CBSB: Cancer Bioinformatics and Systems Biology

 Pathway and Network Modeling for Cancer Molecular Targets













Cancers are complex diseases and are mainly defined by uncontrolled growth, immortality and invasion of other tissues. Cancers result from many alterations in cells at genetic, epigenetic, transcriptomic, proteomic, and metabolomic levels, and are manifested in changes of cell signaling, gene regulation, metabolism, cell division and many other fundamental cell processes. Post-genome era high-throughput data of genome sequences, global gene expression of coding genes and microRNA, protein expression and posttranslational modifications, etc. provide unprecedented opportunities for studying mechanisms underlying cancer development and progression and for identifying molecular targets for developing diagnostics and therapeutics treatment, while also present huge challenges in analyzing and interpreting the large-scale omics data as well as managing them.

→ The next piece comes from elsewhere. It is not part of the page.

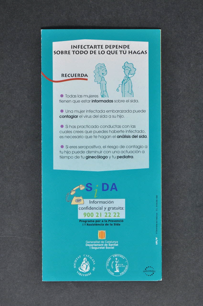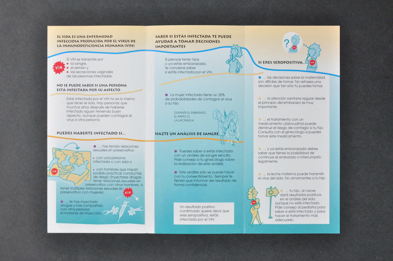 ?QUE HAY QUE // TENER EN CUENTA? (En partie médiane en noir.), sur la couvertureEL SIDA ES UNA ENFERMEDAD // INFECCIOSA PRODUCIDA POR EL VIRUS DE // LA INMUNIDEFICIENCIA HUMANA (VIH) // // NO SE PUDE SABER SI UNA PERSONA // ESTA INFECTADA POR SU ASPECTO // // PUEDES HABERTE INFECTADO SI // // SABER SI ESTAS INFECTADA TE PUEDE // AYUDAR A TOMAR DECISIONES // IMPORTANTES // // HAZTE UN ANALISIS DE SANGRE // // SI ERES SEROPOSITIVA // // ?COMO PUEDES PROTEGERTE DEL SIDA? (Sous-titres en gras sur les quatre volets intérieurs.), à l'intérieurTexte

Bioinformatics and systems biology are emerging fields that integrate computer sciences and technologies into areas of biomedical sciences and hold great promise in meeting these challenges. Due to the interdisciplinary nature of bioinformatics and systems biology, we stride to bridge the biological and computational communities by providing expertise in analyzing various omics data either generated from collaborating laboratories or identified from public repositories, and by conducting computational biology research and developing tools to facilitate the basic cancer research. Consequently, we provide functional interpretation of large-scale omics data from biological pathway and network perspectives, and generate hypothesis on molecular targets or biomarkers that can be tested in the laboratory.


Our research interests are to better understand complex cell signaling pathways and regulatory networks in cancer vs. normal cells using bioinformatics and computational biology approaches, particularly through integration and analysis of modern -omics data. Our long term goal is to conduct systems biology and translational research through pathway and network-based modeling to identify molecular targets for diagnostics and therapeutics development as apply to common diseases such as cancer, endocrine or immune disorders. Current research at CBSB includes:

1. Estrogen-induced apoptosis in breast cancer cells. An experimental model of 17-b-estradiol induced apoptosis in breast cancer cells is being exploited for design of new hormone therapeutic strategy for anitestrogen drug resistant breast cancers. Signaling pathways and protein networks of estrogen-induced apoptosis vs. growth are being modeled using bioinformatics approaches based on genomic and proteomic data generated from breast cancer cell lines.

2. Radiation-induced DNA damage repair. ATM serine-threonine protein kinase plays critical roles in radiation responses, including cell cycle arrest and DNA repair. Fibroblasts expressing wild type or mutant ATM gene are used as an experimental model to construct the ATM and p53 mediated signaling and metabolic pathways and networks for identification of molecular targets conferring sensitivity or resistance of cancer cells to radiation therapy.

3. Protein modification networks. Cellular signal transduction and protein-protein interactions are largely carried out through specific protein modifications, such as phosphorylation, glycosylation, acetylation, methylation, ubiquitination and so on. Modified proteins, modifying enzymes and those for removing the modifications form intricate protein modification networks in controlling specific cellular processes. Changes in modification networks in cancer cells are of particular interest to the identification of molecular targets. We are particularly interested in the dynamic interplay between protein O-GlcNAcylation and phosphorylation in regulation of cell signaling, which form intricate network, called nPGAP (network of Protein O-GlcNAcylation and Phosphorylation). To this end, we recently developed a database of O-GlcNAcylatedd proteins and sites (dbOGAP), which serves as a nuclear for our exploration of roles of nPGAP in cell signaling.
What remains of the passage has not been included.